News about the SEC subpoenaing Sam Antar for 37,000 documents in their investigation of a California-based research firm called the Fraud Discovery Institute, a company belonging to Barry Minkow, another criminal turned whistleblower, continues to spread.  Here’s Henry Blodget’s take on the question of who and what the SEC should be subpoenaing. – Ilene 

SEC Has Launched Investigation Of InterOil (IOC) Skeptics And Wants Their Emails To The Media

Courtesy of Henry Blodget at Clusterstock 

We’ve written extensively about controversial oil-and-gas exploration company InterOil (IOC).

Some people think the company has discovered highly valuable oil and gas reserves in the jungles of Papua New Guinea and that the stock will continue to be a home run.  Others think the company is basically a gigantic fraud.

Among those in the latter camp is reformed fraudster Barry Minkow, whose company Fraud Detection Institute sells research to big investors and is now engaged in trying to blow the lid off what he sees as an InterOil (IOC) fraud.

Barr Minkow

Barry Minkow (in earlier days)

As the SEC’s earlier investigations of shortsellers David Einhorn and Bill Ackman has demonstrated, when a company’s stock is performing well, as InterOil’s is, the SEC tends to go after the company’s critics and shortsellers rather than the company itself–a habit that is bewildering and infuriating to those who respect the fundamental work shortsellers do.  And that seems to be what the SEC is doing in this case.

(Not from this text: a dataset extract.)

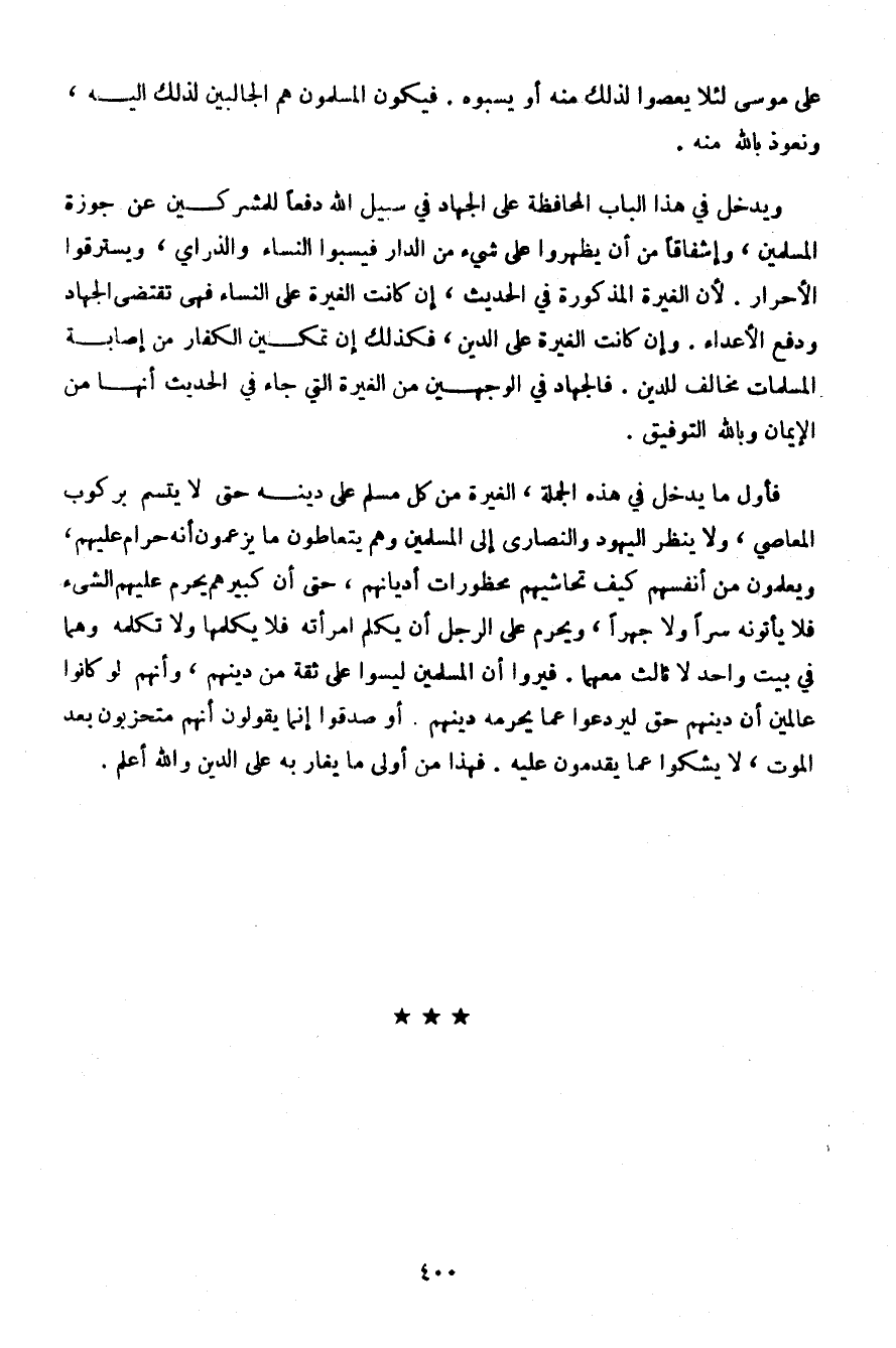 ويدخل في هذا الباب المحافظة على الجهاد في سبيل الله دفعًا للمشركين عن جوزة المسلمين، وإشفاقًا من أن يظهروا على شيء من الدار فيسبوا النساء والذراي، ويسترقوا الأحرار. لأن الغيرة المذكورة في الحديث، إن كانت الغيرة على النساء فهي تقتضي الجهاد ودفع الأعداء. وإن كانت الغيرة على الدين، فكذلك إن تمكين الكفار من إصابة المسلمات مخالف للدين. فالجهاد في الوجهين من الغيرة التي جاء في الحديث أنها من الإيمان وبالله التوفيق.

At Portfolio.com, Gary Weiss reports that the SEC has subpoenaed Minkow and Sam Antar [SEC Crazy Talk, below], another former convicted felon turned whistleblower, to find out what they have been saying about InterOil and other companies in their communications to shortsellers.  In a twist that will frighten advocates of free speech and journalist shield laws, the SEC is also subpoenaing communications Minkow and Antar had with journalists.

The target of the investigation is a California-based research firm called the Fraud Discovery Institute. [Sam] Antar happens to be friends with FDI’s owner Barry Minkow. And, like Minkow, Antar is a noted whistleblower on white-collar crime and securities fraud. He’s a former fraudster who masterminded the Crazy Eddie stock fraud in the 1980s. Minkow served time in prison for the ZZZZ Best stock swindle, but now is an ordained minister and preaches the straight and narrow.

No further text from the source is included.